We could do exactly the same to emulate the mean, but we already have
a representation of the variance of the outputs *that formally
quantifies the uncertainties around the variance*. We can therefore
use the variance emulator to help provide a prior for the mean emulator
- this acts as a sample-adjusted stand-in for an exact functional
representation of the variance mentioned in option 2 above. The
regression surface we take in the usual fashion, from the output means.

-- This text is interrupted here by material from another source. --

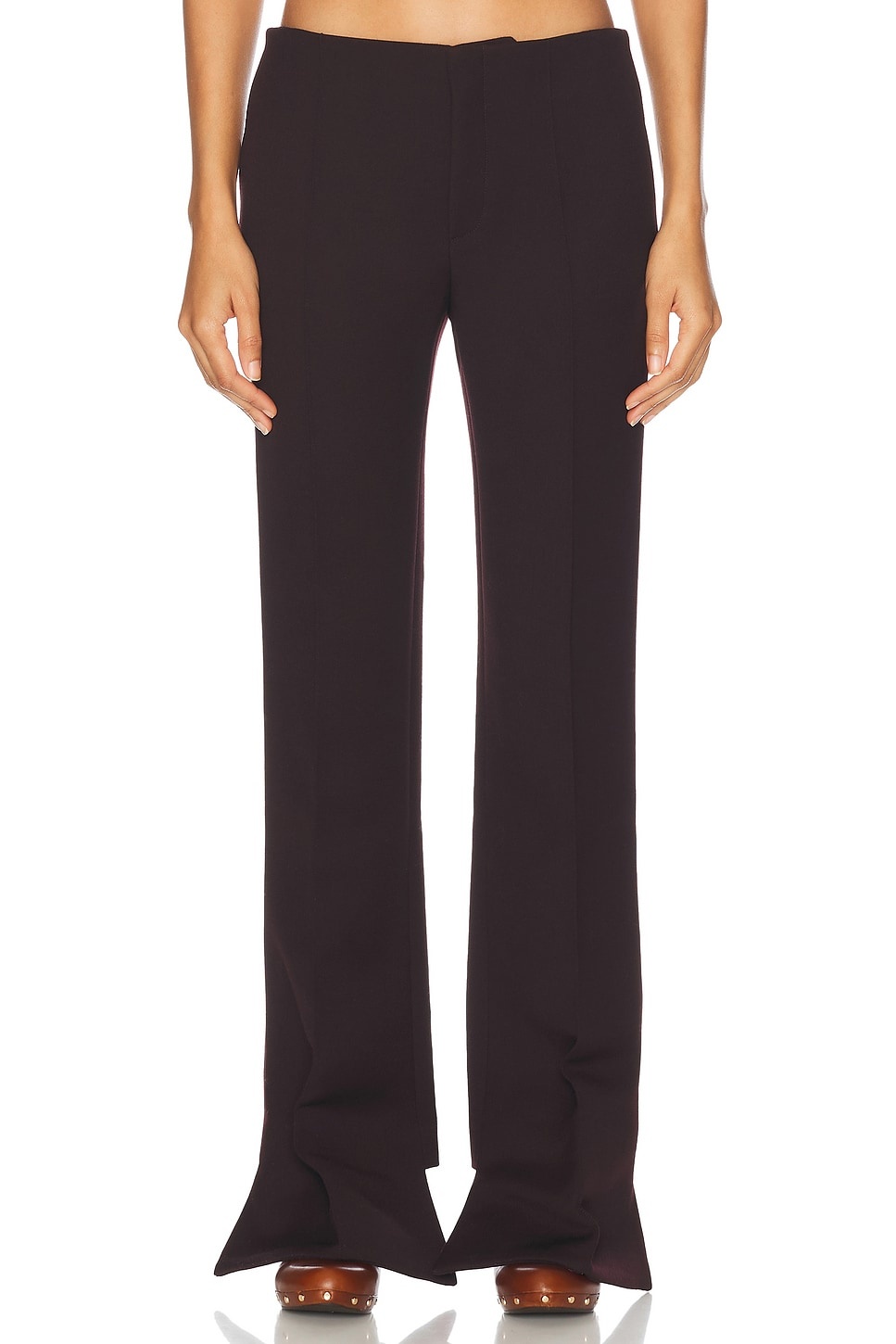 Details - Self: 100% virgin wool - Lining: 51% viscose, 49% cotton - Made in France - Dry clean only - Zip fly with hook and bar closure - 4-pocket styling - Front pressed pleat design - Low-rise fit - Twill fabric with hi-low hem design - Our Style No. CLOE-WP79 - Manufacturer Style No. 24WPA02143

Allowing for the fact that the means, too, are sample means, we perform
the modified Bayes Linear adjustment as in the variance emulator
case.

This framework allows us to make reasoned judgments about the nature of the heteroskedasticity in this stochastic system, while accounting for our uncertainties about that structure, without resorting to a blanket inflation of the emulator uncertainties. This general approach, which we term Hierarchical Emulation, can be used in a multitude of contexts rather than just variance emulation. For example, the framework can be applied to perform cross-model emulation, using the results of a fast model as a prior for a slower, more accurate, one.